**Instructions to follow:** Make an exact copy of the listing below. Pictures stay out of it.

**Data for review:**
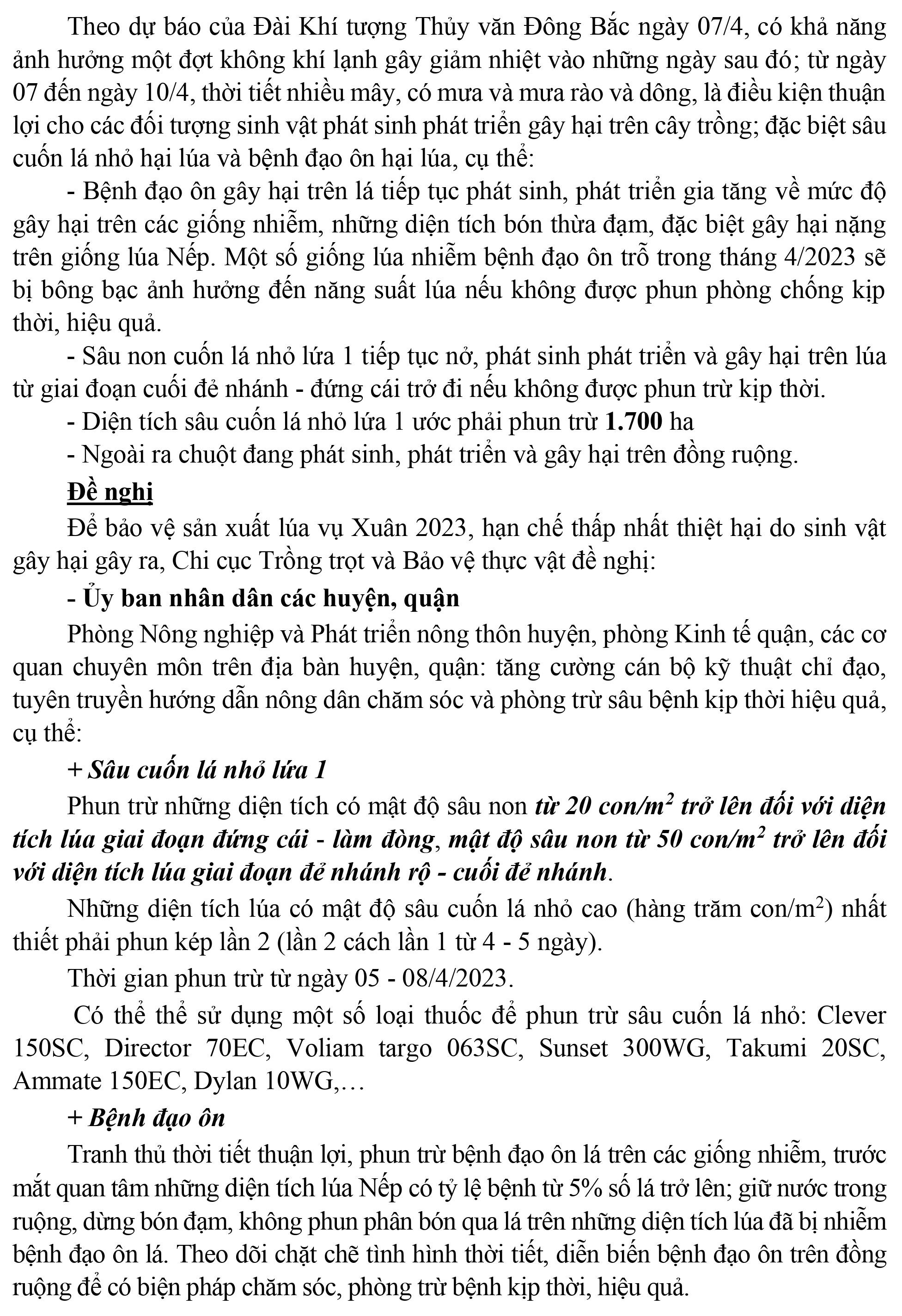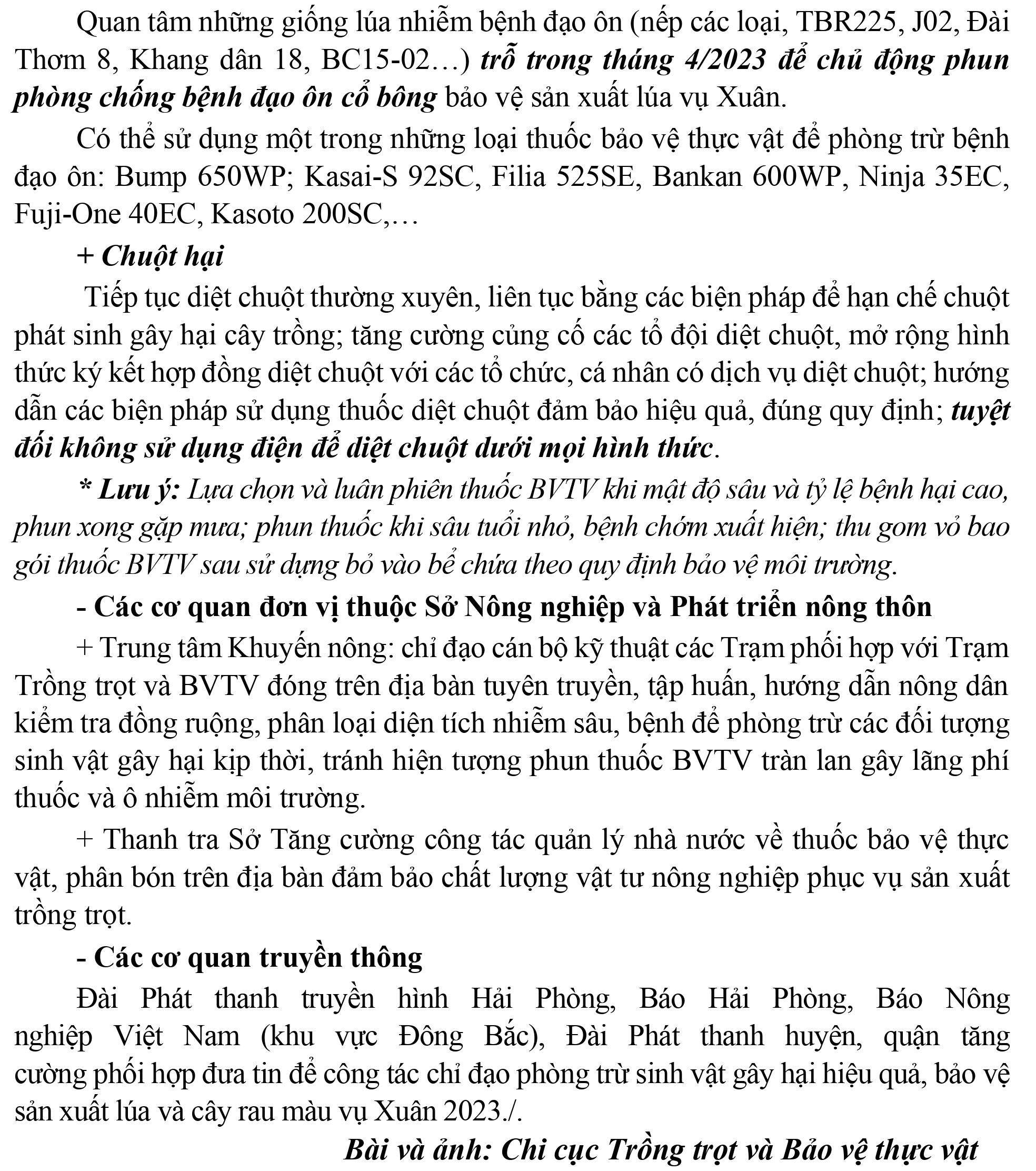 Chi cục Trồng trọt và Bảo vệ thực vật ban hành công văn về việc đăng tải tin,...
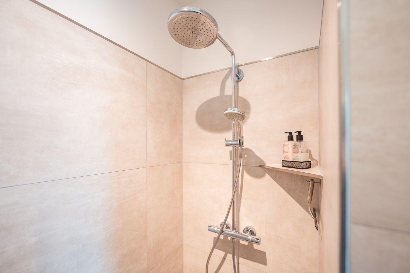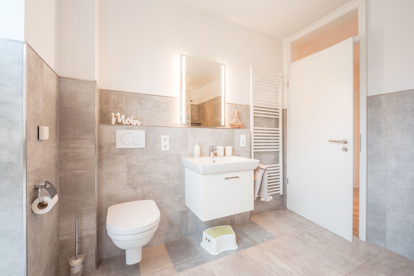 Bad und Sanitär im 1. OG: bodentiefe, barrierefreie Sommerregendusche, Badewanne, Waschtischanlage mit Spiegel, WC, Handtuchheizung, Föhn, Handtücher auf Anfrage
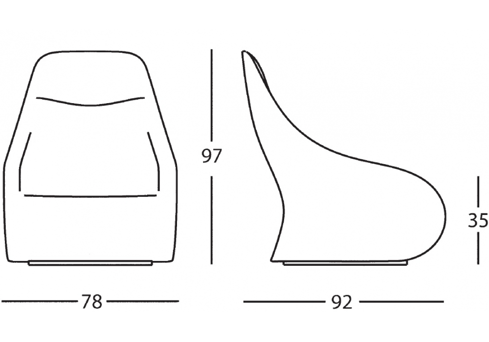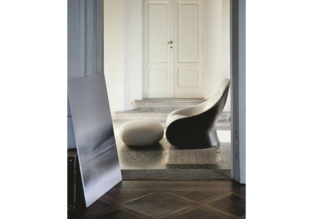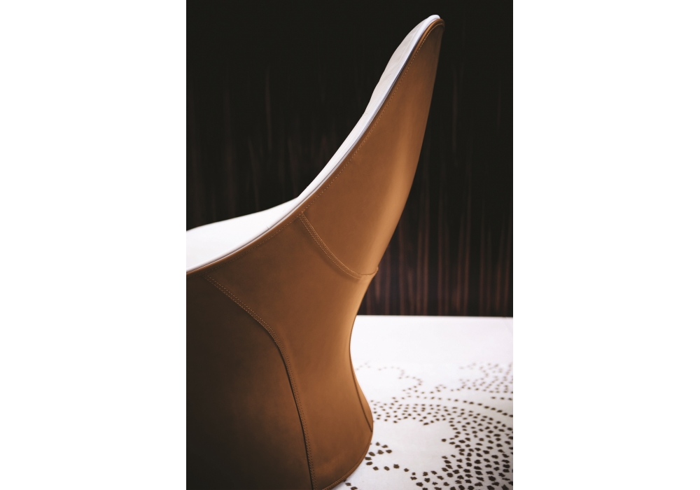 875 Derby designed by Noé Duchaufour Lawrance for Zanotta is an armchair with stiff polyurethane external body covered made of cowhide 95 and upholstery of internal body in polyurethane/ heat-bound polyester fibre with elastic strips suspension. Steel base, swivel or fixed with feet. Removable fabric or leather cover.
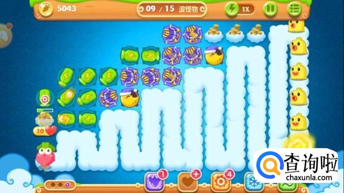 用这个方法,在第三关时就已经消除了两个瓶子炮塔了,小编的金钱也比较充足了,这时再继续慢慢的逐个清除掉钱袋。
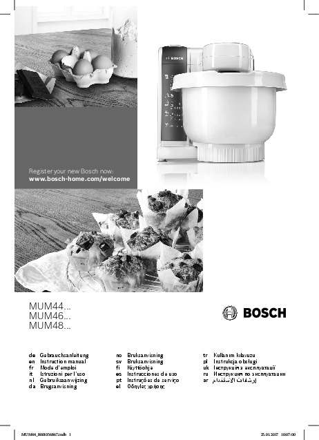 Инструкция по эксплуатации для комбайна Bosch MUM 48A1 — скачайте официальное руководство для Bosch MUM. Инструкция поможет быстро разобраться с работой комбайны и использовать его без ошибок.
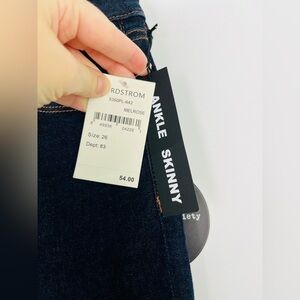 Stunning dark wash skinny jeans. Size 26. Waist about 13.75 inches laying flat. About 8.5 inch rise and 29.25 inch inseam. Brand new with tags.

**Result for this exercise:**
 Chi cục Trồng trọt và Bảo vệ thực vật ban hành công văn về việc đăng tải tin,...
 Bad und Sanitär im 1. OG: bodentiefe, barrierefreie Sommerregendusche, Badewanne, Waschtischanlage mit Spiegel, WC, Handtuchheizung, Föhn, Handtücher auf Anfrage
 875 Derby designed by Noé Duchaufour Lawrance for Zanotta is an armchair with stiff polyurethane external body covered made of cowhide 95 and upholstery of internal body in polyurethane/ heat-bound polyester fibre with elastic strips suspension. Steel base, swivel or fixed with feet. Removable fabric or leather cover.
 用这个方法,在第三关时就已经消除了两个瓶子炮塔了,小编的金钱也比较充足了,这时再继续慢慢的逐个清除掉钱袋。
 Инструкция по эксплуатации для комбайна Bosch MUM 48A1 — скачайте официальное руководство для Bosch MUM. Инструкция поможет быстро разобраться с работой комбайны и использовать его без ошибок.
 Stunning dark wash skinny jeans. Size 26. Waist about 13.75 inches laying flat. About 8.5 inch rise and 29.25 inch inseam. Brand new with tags.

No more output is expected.